Ramann explained that infrastructure spending delivers wider economic benefits, and to unlock this potential, capital markets must play a larger role. He highlighted the Reserve Bank of India's recent move to lower provisioning on infrastructure loans from 5% to 1%, calling it an important step in easing funding pressures on lenders.

He said financing responsibilities are slowly shifting from banks to pension funds and insurance companies, which are better suited for projects with long gestation periods. He added that credit flow to delayed projects could improve from October 2025, once regulatory changes are in force.

Challenges remain in the sector, including high leverage, weaker credit profiles and long project cycles that discourage companies from raising funds through bonds. Ramann said bond issuances by infrastructure firms are still small, with borrowers largely relying on long-tenure loans instead.

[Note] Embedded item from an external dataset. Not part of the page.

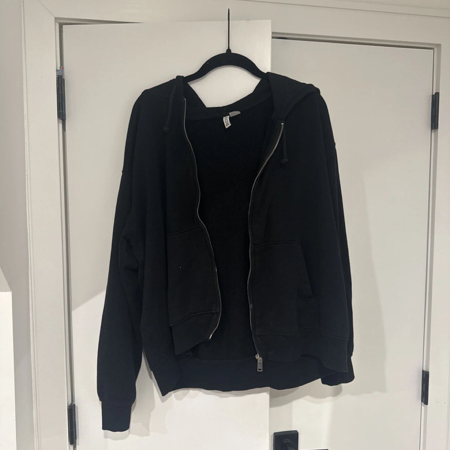 Selling a black zip-up hoodie from H&M! It's in great condition and ready for a new owner. The hoodie is a classic and versatile piece that can be worn for many occasions. It's perfect for layering or wearing on its own during cooler days. Feel free to reach out if you have any questions!

To widen financing options, PFRDA has floated a draft credit enhancement scheme linked to securitisation of infrastructure loans. Ramann said this could attract a broader pool of investors, including insurers and corporates, alongside banks and traditional lenders.

India's infrastructure pipeline has been one of the largest globally. In the Union Budget for FY26, the government allocated INR 11.21 lakh crore for infrastructure, following consistent double-digit growth in public capital expenditure in the past three years. Flagship programmes such as Bharatmala for highways, Sagarmala for port development, Gati Shakti for multi-modal connectivity and dedicated freight corridors for rail have created sustained demand for long-term funding. By comparison, China invested more than USD 6 trillion in infrastructure during the last decade, underlining the scale India is now aiming to match.